In Figure 6, we represented the vector field associated with the Newton step in the η parameters, with λ = 0.05, using the Riemannian retraction, for the case a₁ = 1, a₂ = 2 and a₁₂ = 3, with:

{Exp}_{η} (u) = (\begin{matrix} sin (λ \frac{\sqrt{- η_{1}^{2} + 1} ((3 η_{1} + 2) η_{2} + 9 η_{1} + 6)}{3 (2 η_{1} + 3) η_{2}^{2} + 9 η_{1}^{2} + (3 η_{1}^{2} + 2 η_{1}) η_{2} - 9} + arcsin (η_{1})) \\ sin (λ \frac{(3 (2 η_{1} + 3) η_{2} + 2 η_{1} + 3) \sqrt{- η_{2}^{2} + 1}}{3 (2 η_{1} + 3) η_{2}^{2} + 9 η_{1}^{2} + (3 η_{1}^{2} + 2 η_{1}) η_{2} - 9} + arcsin (η_{2})) \end{matrix}) .

(152)

The red dotted lines represented in the figure identify the basins of attraction of the vector field and correspond to the solutions of the explicit equation in η for which the Newton step u is not defined. This vector field can be compared to that in Figure 7, associated with the Newton step for F(η) using the Euclidean geometry. In the Euclidean geometry, F(η) is a quadratic function with one saddle point, so that from any η, the Newton step points in the direction of the critical point. This makes the Newton step unsuitable for an optimization algorithm. On the other side, in the Riemannian geometry, the vertices of the polytope are critical points for F(η), and they determine the presence of multiple basins of attraction, as expected.

Figure 8 shows the Newton step in the θ parameters based on the e-retraction of Equation (149), while Figure 9 represents the Newton step evaluated with respect to the Euclidean geometry. A comparison of the two vector fields shows that, differently from the η parameters, the number of basins of attraction is the same in the two geometries; however, the scale of the vectors is different. In particular, notice how on the plateau, for diverging θ, the Newton step in the Euclidean geometry vanishes, while in the Riemannian geometry, it gets larger. This behavior suggests better convergence properties for an optimization algorithm based on the Newton step evaluated using the proper Riemannian geometry. In the θ parameters, the boundaries of the basins of attraction represented by the red dotted lines have been computed numerically and correspond to the values of θ for which the update step is not defined.

Finally, notice that in both the η and θ parameters, the step is not always in the direction of descent for the function, a common behavior of the Newton method, which converges to the critical points.

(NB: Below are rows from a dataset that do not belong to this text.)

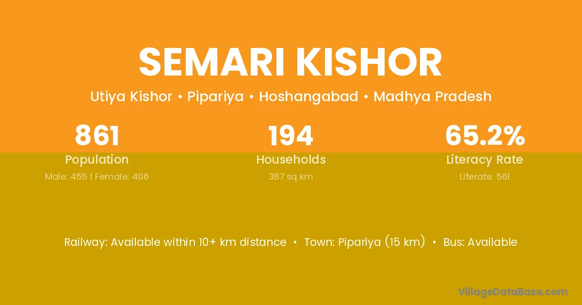 Pipariya (15 km) is the nearest town to Semari Kishor village for major economic activities and is located approximately 15 km away.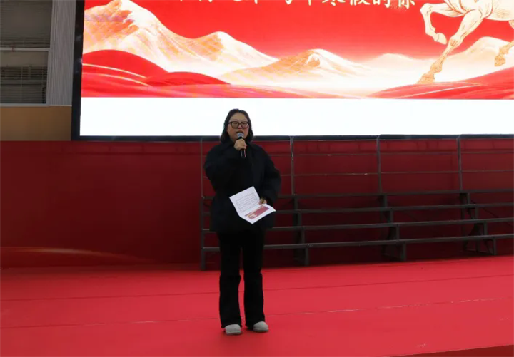 校区校长赵平的寄语如同灯塔,照亮前行之路。他强调初二是承上启下的关键学年,鼓励同学们珍惜寒假时光,在休息中养精蓄锐,在学习中沉淀积累,在实践中锤炼品格。同时,他祝愿全体师生新春快乐,愿同学们以龙马精神为翼,在2026年的新征程上策马奔腾、一往无前,书写更精彩的成长篇章。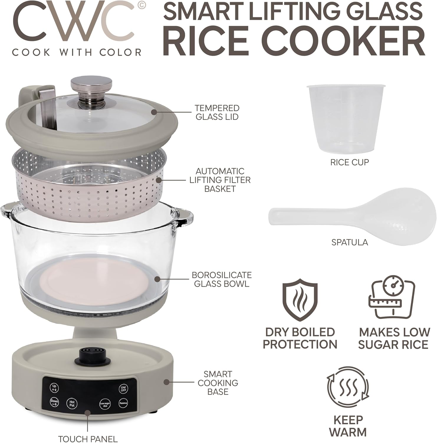COOK WITH COLOR 3L Glass Low Carb Rice Cooker - Makes 6 Cups Low Sugar Rice with Auto Lift Filter Basket, Hotpot & Steamer for Rice, Grains and Oats, Digital Panel with Keep Warm Function, Sand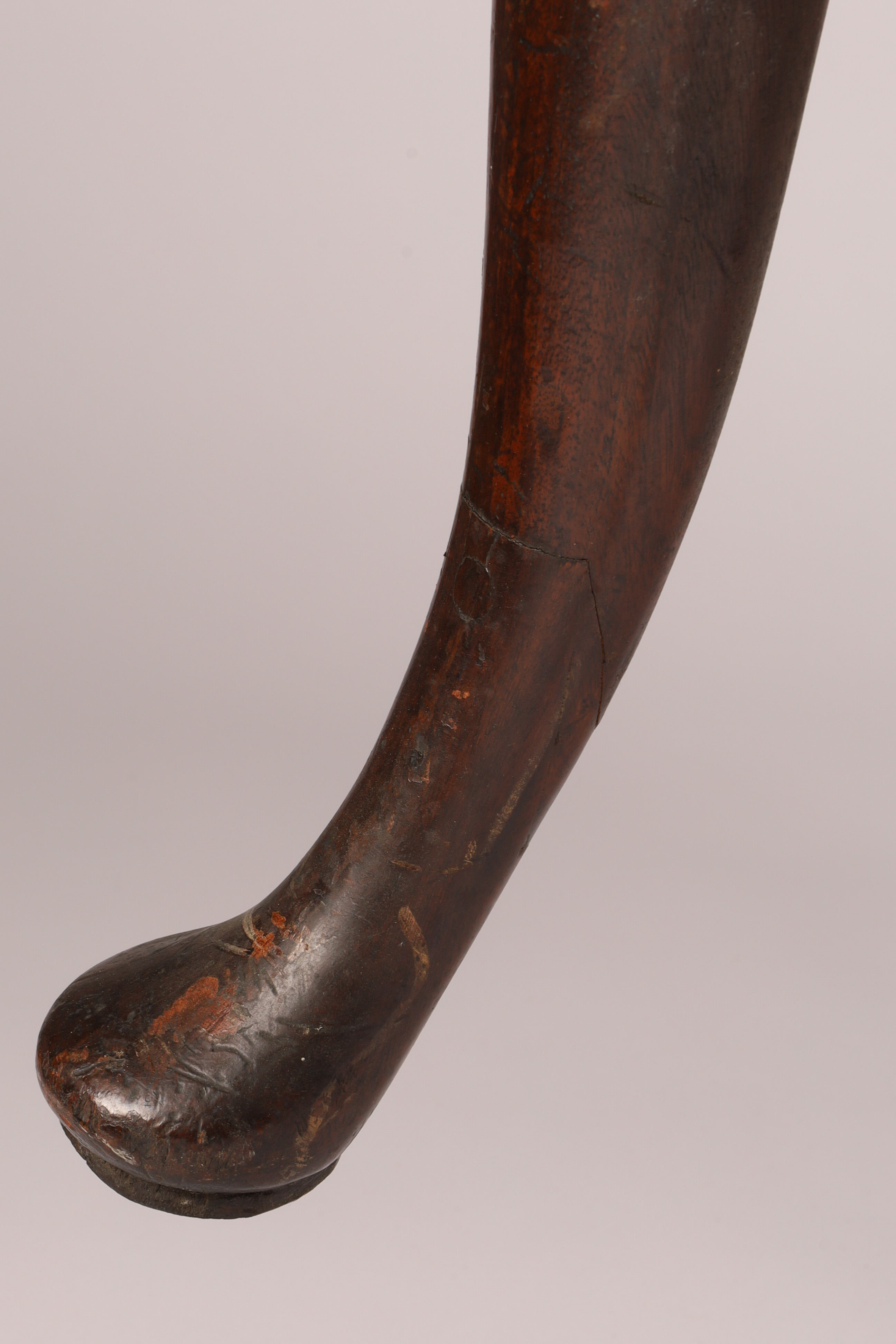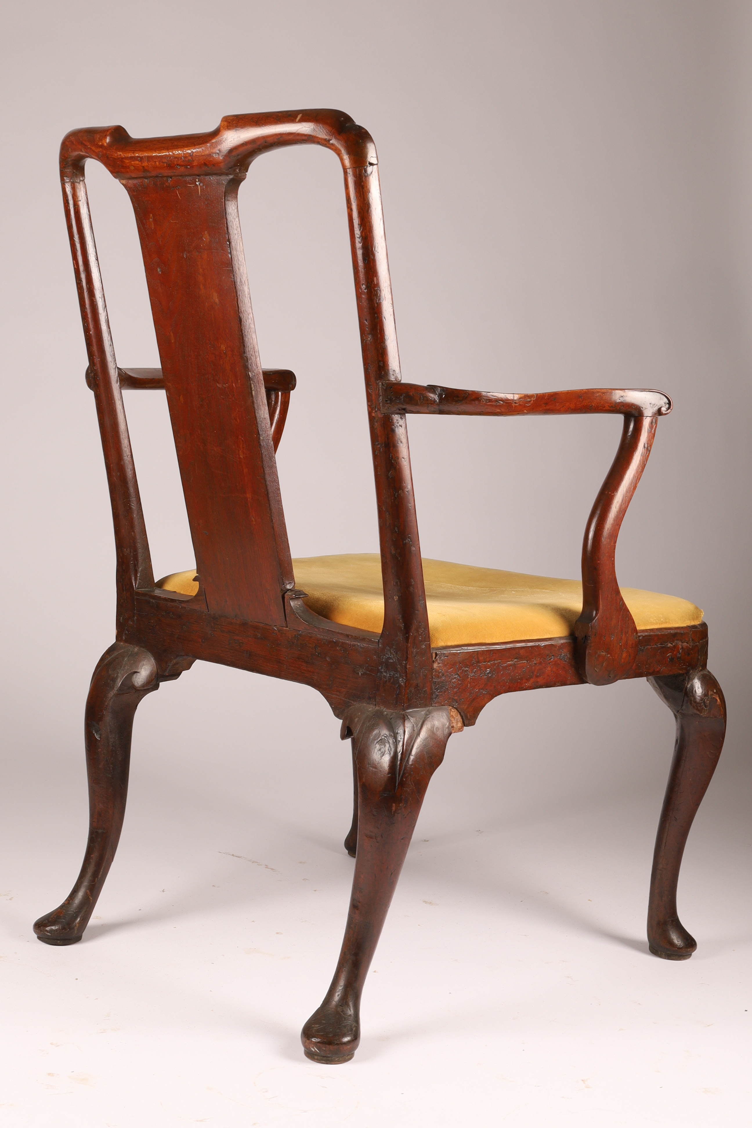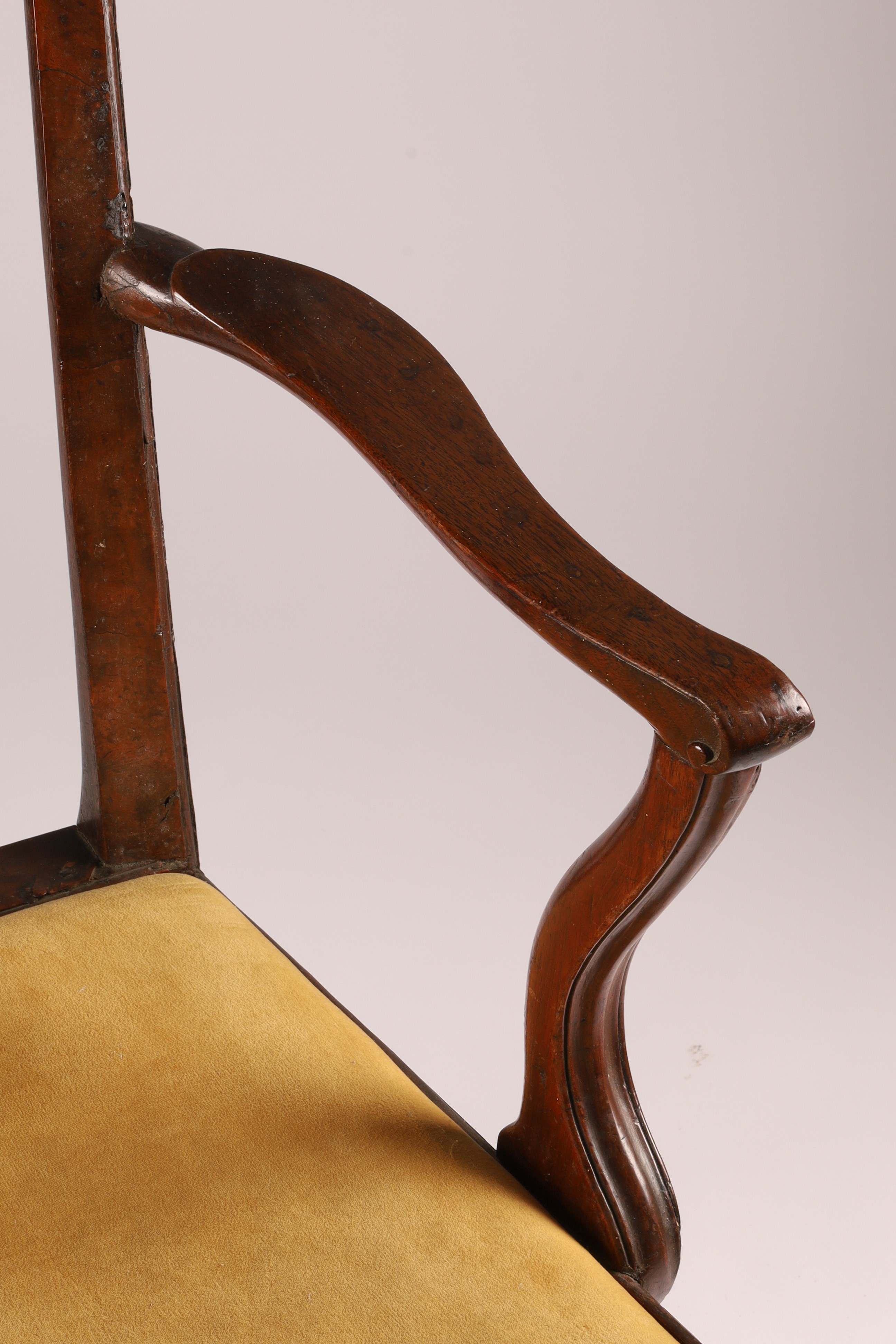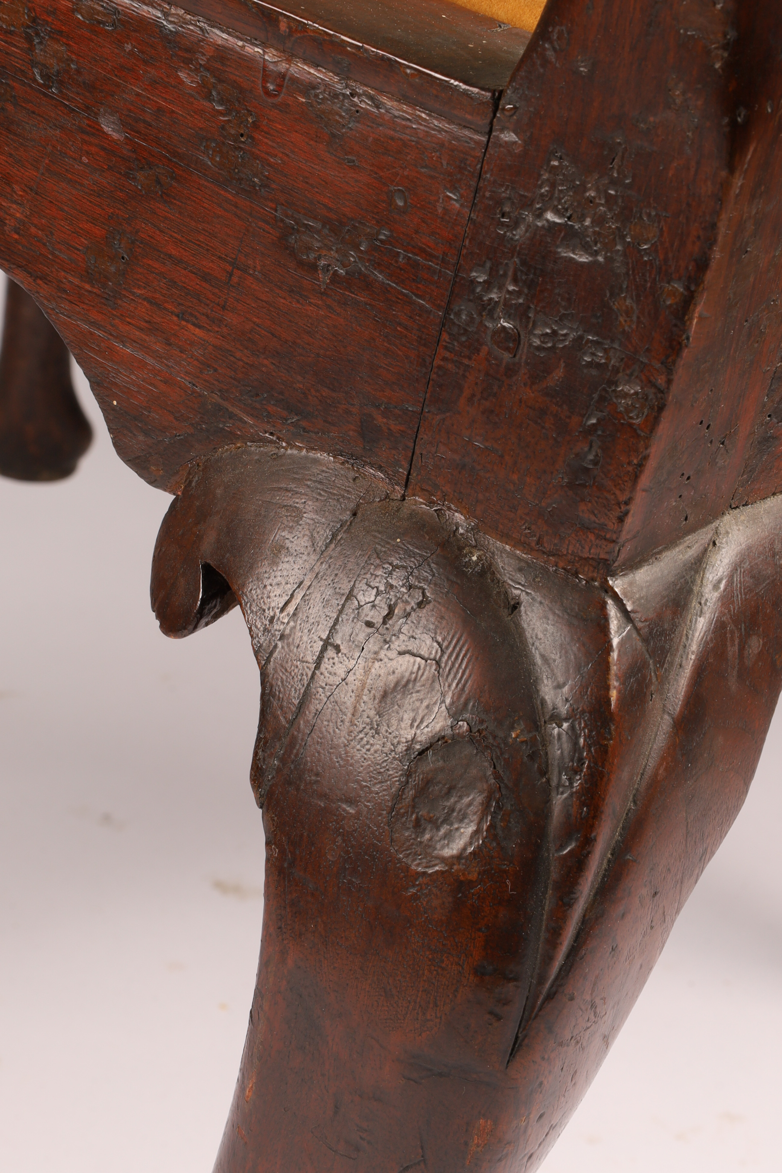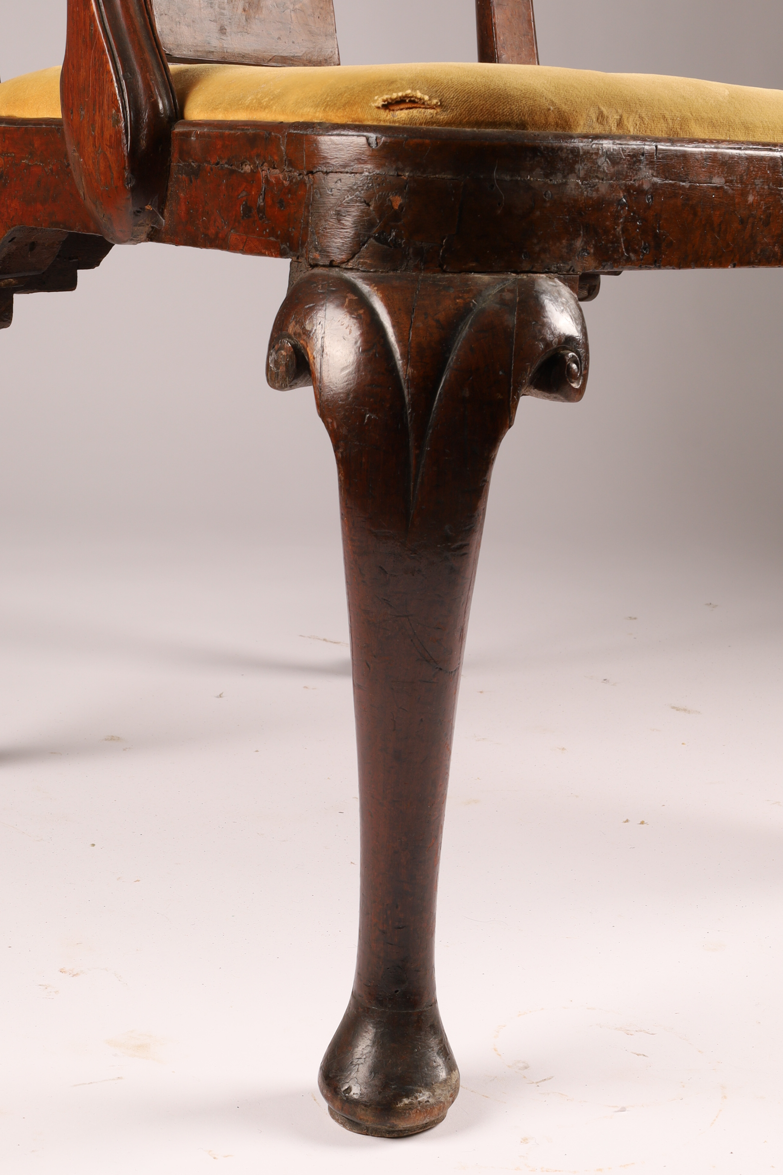 George II Burr Walnut and Mahogany Arm Chair with drop seat and some loss to back leg and restored. Some loss to veneer on backrest and skirt. 37.5 inches H x 26 W x 19 inches deep, seat height 18 inches.

5. Discussion and Conclusions

In this paper, we introduced second-order calculus over a statistical manifold, following the approach described in [4], which has been adapted to the special case of exponential statistical models [2,3]. By defining the Riemannian Hessian and using the notion of retraction, we developed the proper machinery necessary for the definition of the updating rule of the Newton method for the optimization of a function defined over an exponential family.

The examples discussed in the paper show that by taking into account the proper Riemannian geometry of a statistical exponential family, the vector fields associated with the Newton step in the different parametrizations change profoundly. Not only new basins of attraction associated with local and global minima appear, as for the expectation parameters, but also the magnitude of the Newton step is affected, as over the plateau in the natural parameters. Such differences are expected to have a strong impact on the performance of an optimization algorithm based on the Newton step, from both the point of view of achievable convergence and the speed of convergence to the optimum.

The Newton method is a popular second order optimization technique based on the computation of the Hessian of the function to be optimized and is well known for its super-linear convergence properties. However, the use of the Newton method poses a number of issues in practice.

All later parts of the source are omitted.